賃金の上昇が物価高に追いつかない
前回もすこし取り上げたが、日本では実質賃金が下がり続けている。つまり賃金の上昇が物価上昇に追いついていない状態だということだ。
今年3月の実質賃金は前年比で2.1%減少し、24カ月連続でマイナスとなった。2年間そうした状態が続いているということだ。
これはリーマンショック時の連続23カ月を抜いて過去最長だという。
今年の春闘では大企業中心に大幅な賃上げがなされたとの報道もあったが、それは一部の大企業に限られていて中小企業は賃上げしたくてもできないところが多い。
当然ながら労働者の4割を占める非正規雇用層には、賃上げはとうてい届いていかない。
ここ30年で消費税は3%から10%まで上がり、社会保険料(という名の税金)も大幅に増額されてきた。
それだけ私たちの手元に残る可処分所得は減っているわけで、これでは個人消費が増えていかないし、景気がよくなるはずもないだろう。
国庫は富み、国民は疲弊する
国の税収は大幅にアップしここ3年連続で史上最高となっているが、そのぶん国民は疲弊しているということだ。
食料品の無料配布に並ぶ人の数が過去最高だったとか、生活が困窮したために食料品を万引きし逮捕されたといったニュースも増えている。
今年2月に発表された国内総生産(GDP)は2期連続でマイナスとなり、日本は景気後退に入ったと海外メディアが報じた(その後、数値が訂正され景気後退は回避したとの続報あり)。
つまり、経済成長の鈍化と物価上昇が起こっているわけだが、ここに高い失業率が加わるとスタグフレーションと呼ばれる経済状況になると言われている。

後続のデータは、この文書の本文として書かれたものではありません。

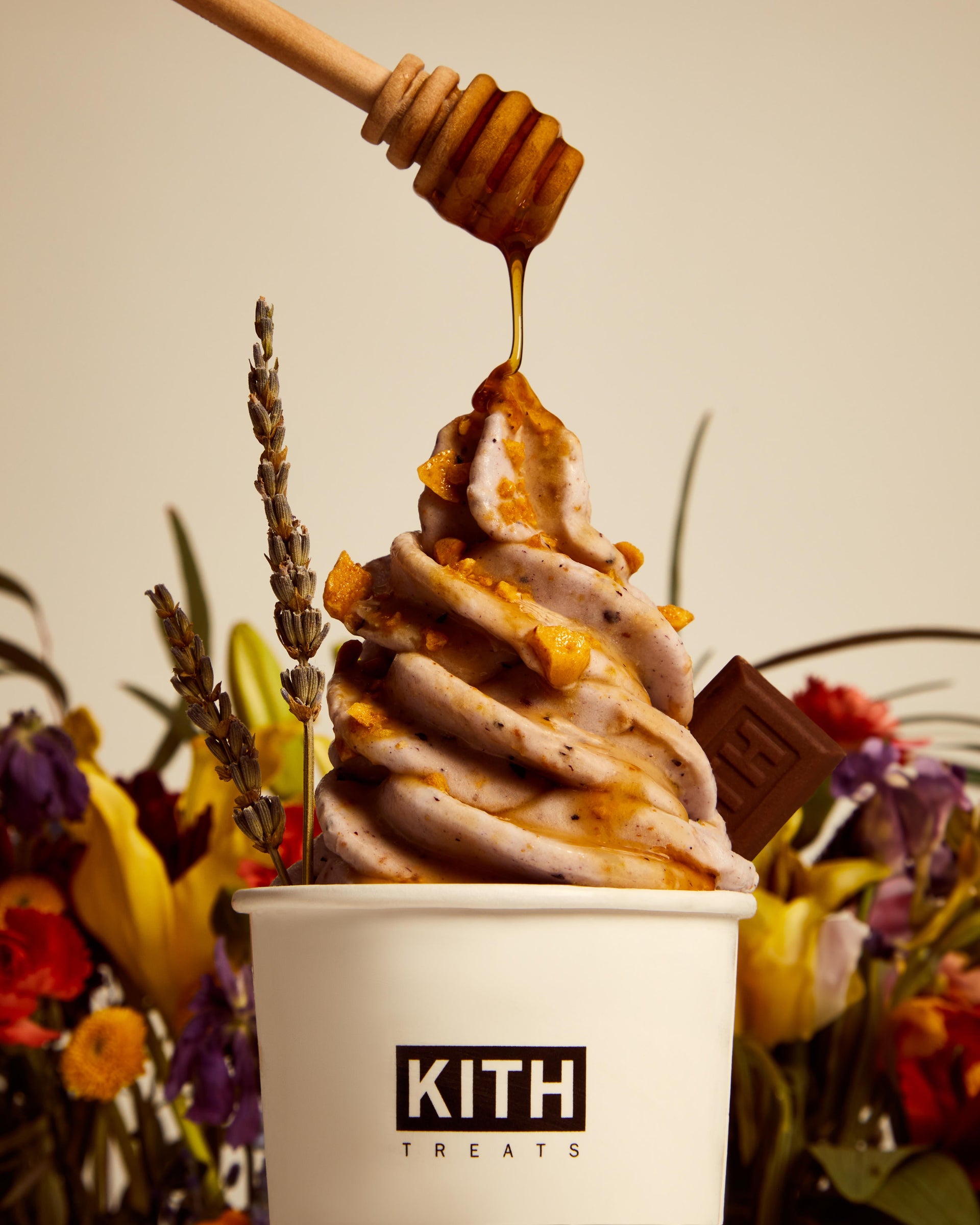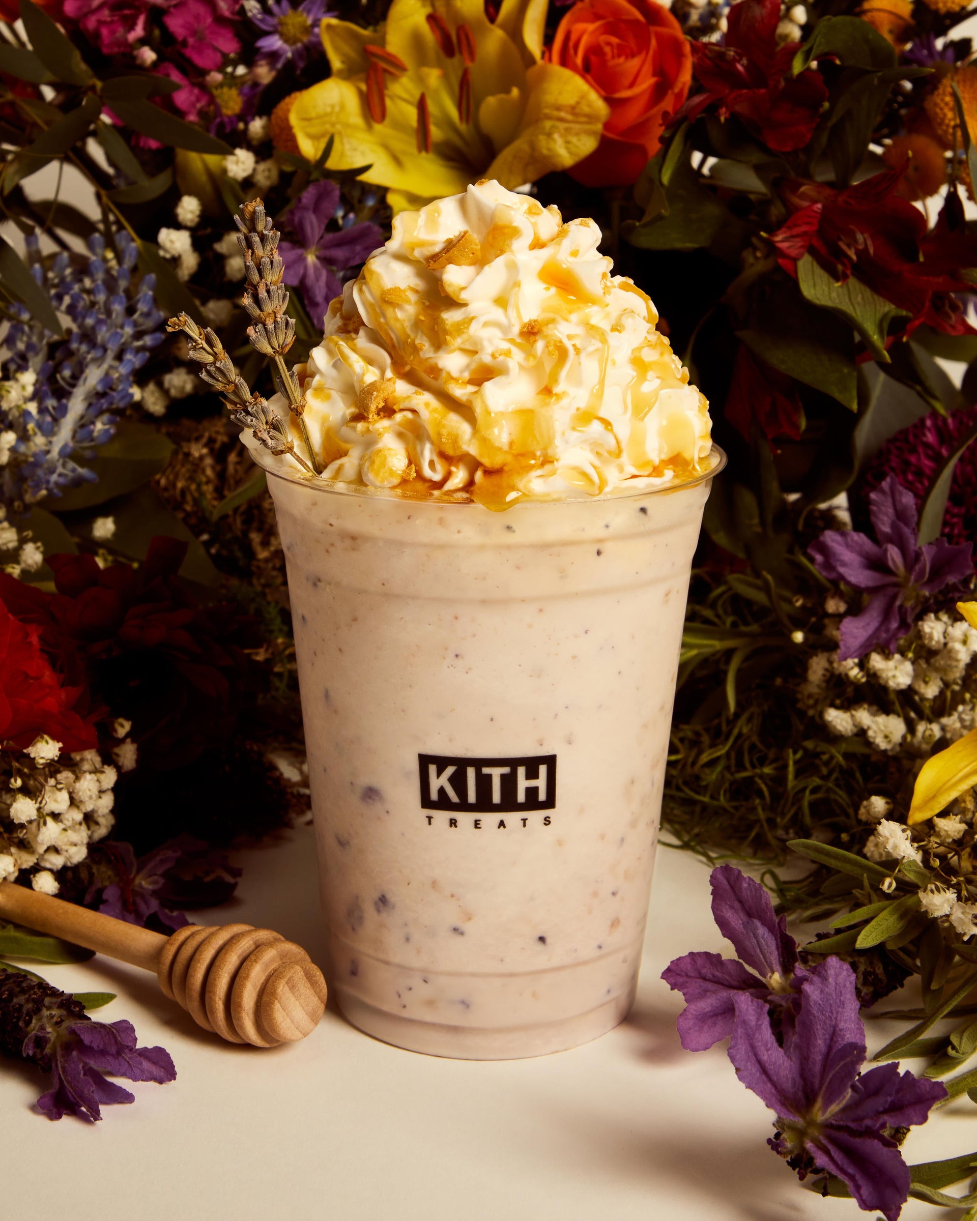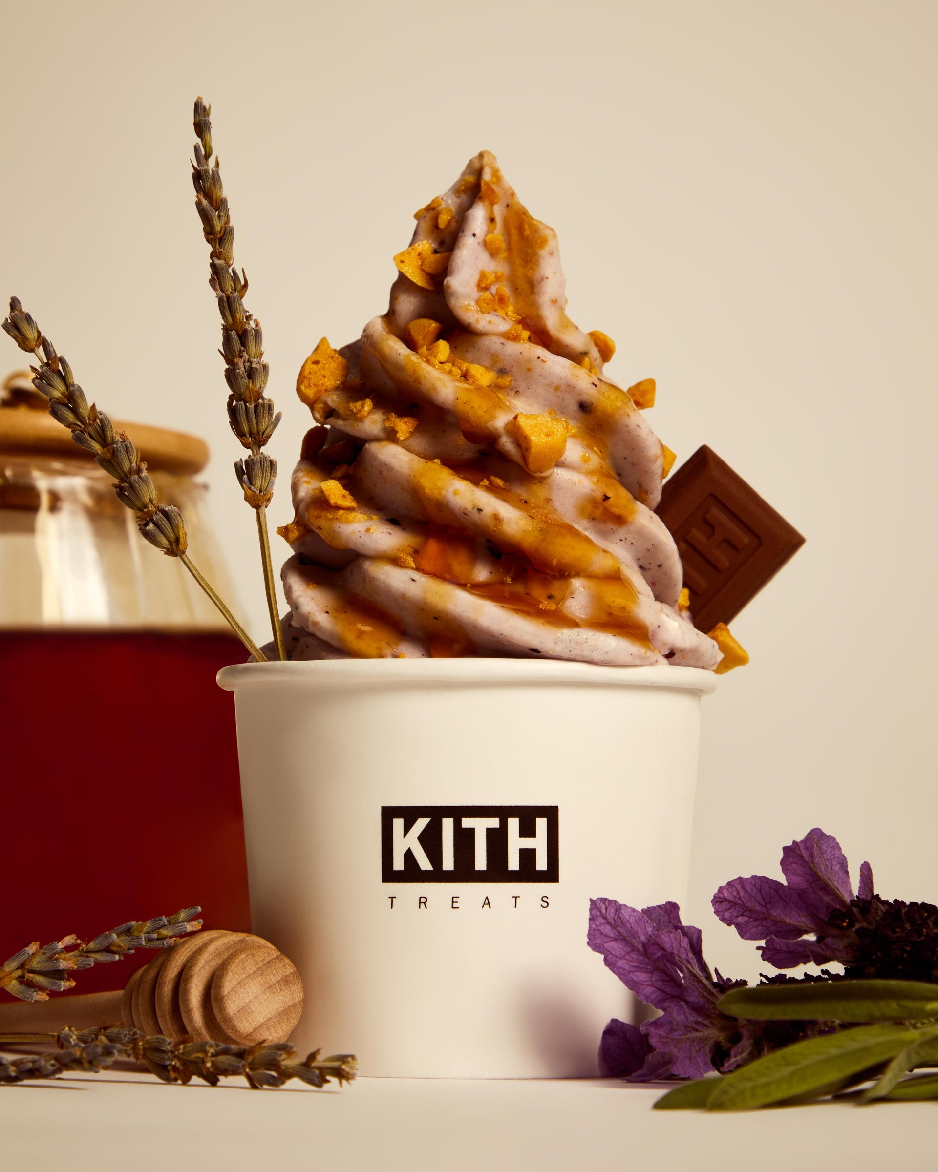 Alongside the release of Treats Honey II, Kith Treats has crafted a limited-time offering inspired by the capsule’s illustrative graphics. This fragrant, springtime dessert is infused with flavors of vanilla, lavender, blueberry & honey, creating a rich yet refreshing taste profile.

たしかに現在の日本は高齢化による極度の人手不足のために失業率は高くないものの、非正規雇用の割合が高まって格差が広がり、社会的には不安定な状況であることは見逃せない。
円安と食料供給の不安
さらにもうひとつ、頭痛の種となっている経済要因として円安がある。
今の円安は、なぜかマスコミが最近言わなくなった「アベノミクス」つまり異次元の金融緩和政策により加速されたことは確かで、食料や燃料をはじめ多くの物を輸入にたよる日本の経済を圧迫している。
もはやアジア通貨のなかでもかなり低いレベルまで価値が落ちていると言われている円だが、この円安をどう解決していくのか、解決策は見えていない。
輸入品の価格が上がっているなら国産のものはどうかというと、主食である米の値段が2023年度米の不作や需要の伸びで大幅に上がっているというニュースが流れている。
こうしたことに危機感を抱いたのか、凶作や有事で食料危機に陥ったときに農家などに増産を指示する食料供給困難事態対策法が、23日に衆院本会議で自民、公明、日本維新の会の賛成で可決した。
この法律は、戦争できる国を目指す体制作りのひとつだとも言われているが、食料や燃料を自給できない国が戦争に突入すればどうなるか、わが国はすでに体験してきたのではなかったか。
食糧危機に陥ってから政府が増産を指示し、従わなければ罰金を課すなどという法律を作るよりは、ふだんから農家を支援する取り組みに力を入れた方がいいのは自明なのに、政府はなぜそれをしないのか。
明日食べる物の心配をしなければならない日がこないことを祈りたい気持ちだ。